Continuous data is data that can take any value. Height, weight, temperature and length are all examples of continuous data. Some continuous data will change over time; the weight of a baby in its first year or the temperature in a room throughout the day. This data is best shown on a line graph as this type of graph can show how the data changes over a given period of time. Other continuous data, such as the heights of a group of children on one particular day, is often grouped into categories to make it easier to interpret.

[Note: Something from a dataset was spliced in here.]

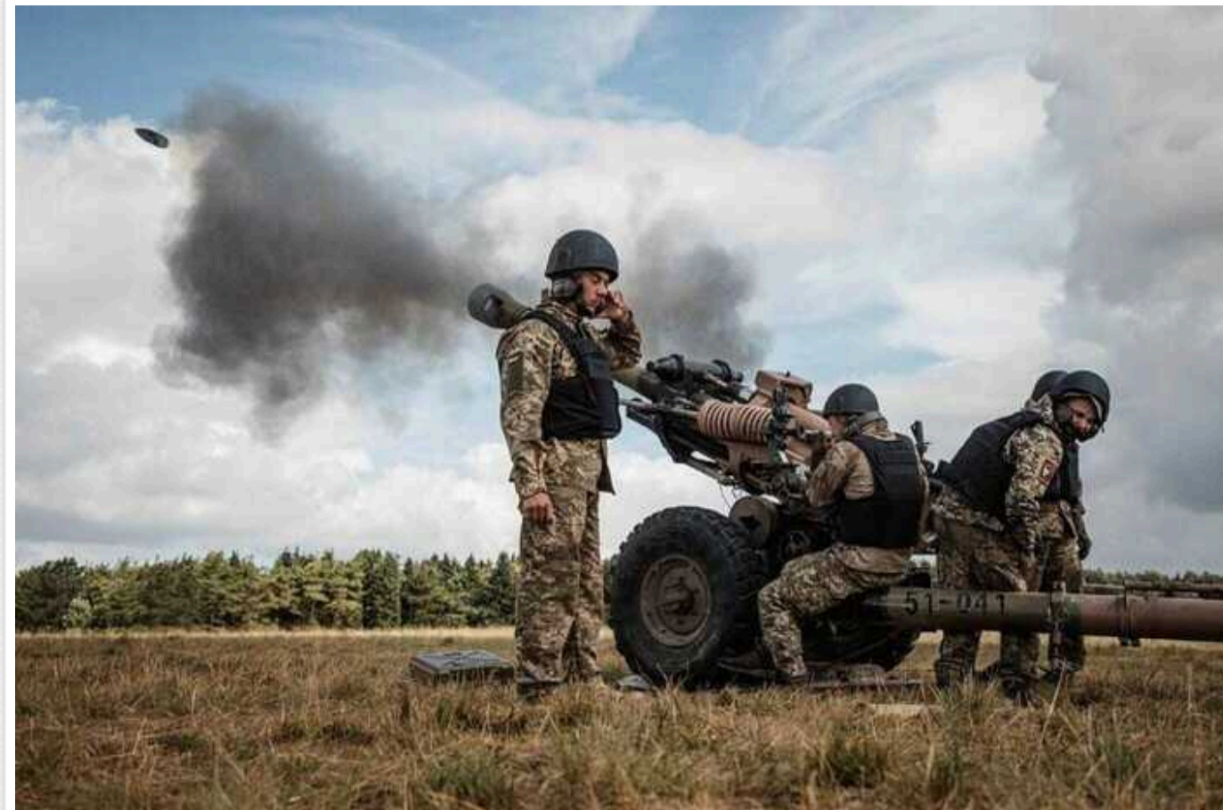
Підрозділи ЗСУ відійшли "на більш вигідні позиції" в районах Лук'янців і Вовчанська, - Генштаб

Генштаб ЗСУ повідомляє про переміщення підрозділів в районах Лук'янців та Вовчанська.

Discrete data is information that can only take certain values. These values don’t have to be whole numbers. For example, the number of hospital visit to schedule for the week and the number of students attending a lecture each day. This type of data is often represented using tally charts, bar charts or pie charts.


---
## Categorical Data
- https://www.datacamp.com/tutorial/categorical-data

Data that can be categorized but lacks an inherent hierarchy or order is known as categorical data. In other words, there is no mathematical connection between the categories. A person's gender (male/female), eye color (blue, green, brown, etc.), type of vehicle they drive (sedan, SUV, truck, etc.), or the kind of fruit they consume (apple, banana, orange, etc.) are examples of categorical data.

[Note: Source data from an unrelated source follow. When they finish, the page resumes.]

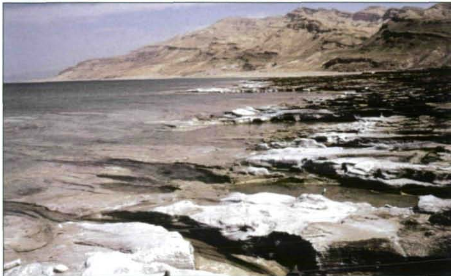
Abb. 6: Blick auf das tiefe Nordbecken des Toten Meeres mit dem östlichen Randgebirge.

Die Senke des Wadi Araba-Totes Meer-Jordan Graben zwischen dem Golf von Aqaba und dem See Tiberias (See Genezareth) im Grenzgebiet zwischen dem Libanon und Syrien bildet ein rund 360 km langes und 8 bis knapp 18 km breites Teilstück einer von Ostafrika über 6000 km Länge bis nach Nordsyrien verlaufenden Bruchzone. Sie ist geologisch jung und stammt aus dem frühen Tertiär – vermutlich dem Oligozän. Den zentralen Teil der Grabenstruktur nimmt das in zwei Becken geteilte Tote Meer ein. Es liegt heute etwa 411 m unter dem Meeressniveau und ist damit die tiefste Landsenke der Erde (vgl. Kap. Geologie/Wadi Araba-Jordangraben) (Abb. 6). Diese trennt zugleich das Wadi Araba , die 180 km lange Verbindung zum Golf von Aqaba vom 105 km langen Jordantal im Norden (Abb. 7).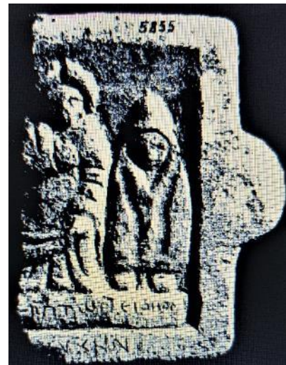
Asal 2002, Nr. 28, Taf. 16 Abb. 2

Nr. 26 (kleine Giebelstele aus Marmor; Inv. Nr. 5969, Taf. 15 Abb. 2): Λείτη καὶ Λίλινο<ς> ὑπὲρ | τῆς (sic) ἰ<δ>ίας θε<ου> | γατέρ<ο>ς Διὶ εὐχὴν. ✱.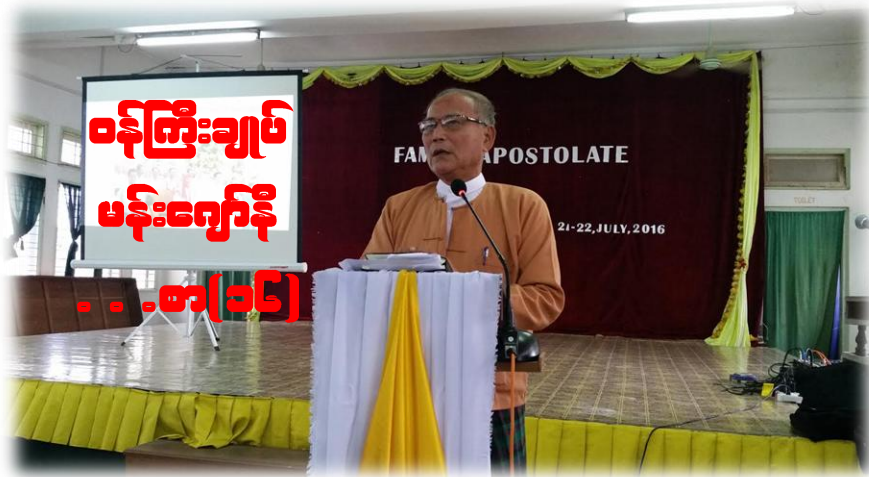
ဝန်ကြီးချုပ် မင်းကျော်နီ - စာ(၁၆)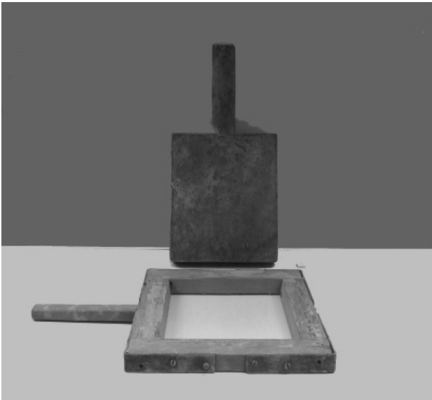
Figura 7. Bastidor de madera para realizar azulejos. Museo de Cerámica de Manises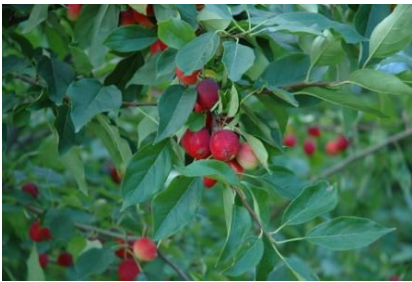
図 1 Dolgo Crab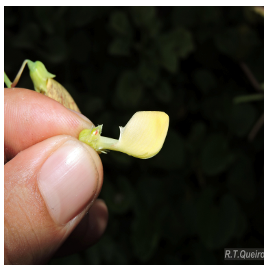
Figura 6: Sesbania exasperata Kunth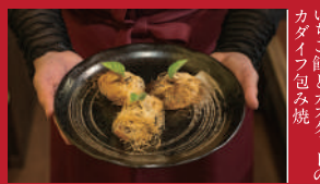
いちご餡とカスタードの カダイフ包み焼

中華ダイニング 杏てい | 650円 / 2個 | ■諫早市泉町25-32 ■電話番号:0957-21-8155

- In simple terms, categorical data is information that can be put into categories.
- Since the majority of machine learning algorithms are created to operate with numerical data, categorical data is handled differently from numerical data in this field. 
- Before categorical data can be utilized as input to a machine learning model, it must first be transformed into numerical data. 
- This process of converting categorical data into numeric representation is known as encoding.

---

### Univariate: Weight of a group (toy example)

In [None]:
import seaborn as sns
import matplotlib.pyplot as plt
import numpy as np
x = np.array([148, 154, 158, 160, 161, 162, 166, 170, 182, 195, 236])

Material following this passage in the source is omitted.